Numbers released alongside Chancellor Rishi Sunak’s £30bn summer economic update reveal that the Government has already provided a higher-than-expected £158.7bn in direct support schemes in response to the virus.
That includes an extra £48.5bn spent on public services — including more than £15bn to secure personal protective equipment for frontline staff.
And £10bn has been allocated to the NHS’s ‘Track and Trace’ programme to try to limit the spread of Covid-19.
The massive spending on PPE is more than the Home Office’s entire budget for 2019/20, which stood at around £12bn.

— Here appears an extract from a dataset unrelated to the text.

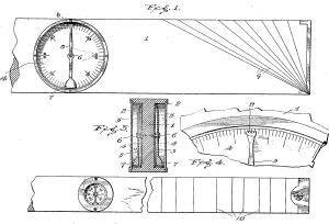 Patent is for angle ruled lines on the stock act as a check for the dial indicator and vise versa.
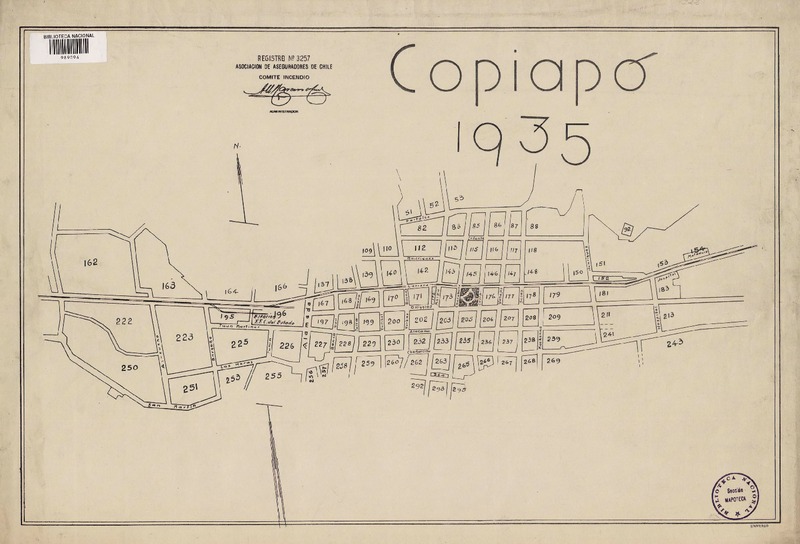 Vallenar con la numeración oficial de manzanas [material cartógrafico] : de la Asociación de Aseguradores de Chile.

The Institute for Fiscal Studies think tank said the latest Treasury price-tag — which came as Mr Sunak unveiled a raft of new measures to try to revive the economy and protect jobs — was billions higher than predicted.
IFS deputy director Carl Emmerson said: “New figures released by the Treasury suggest that the total cost of temporary measures announced since the Budget stood at almost £160 billion, almost £30 billion higher than the latest estimate from the Office for Budget Responsibility of £133 billion.
“The main difference is that the Treasury has now allocated an additional £49 billion to spending on public services since March, which is £33 billion higher than the OBR’s June estimate. Of this £49 billion over £30 billion has gone to health services – including £15 billion on purchases of Personal Protective Equipment.”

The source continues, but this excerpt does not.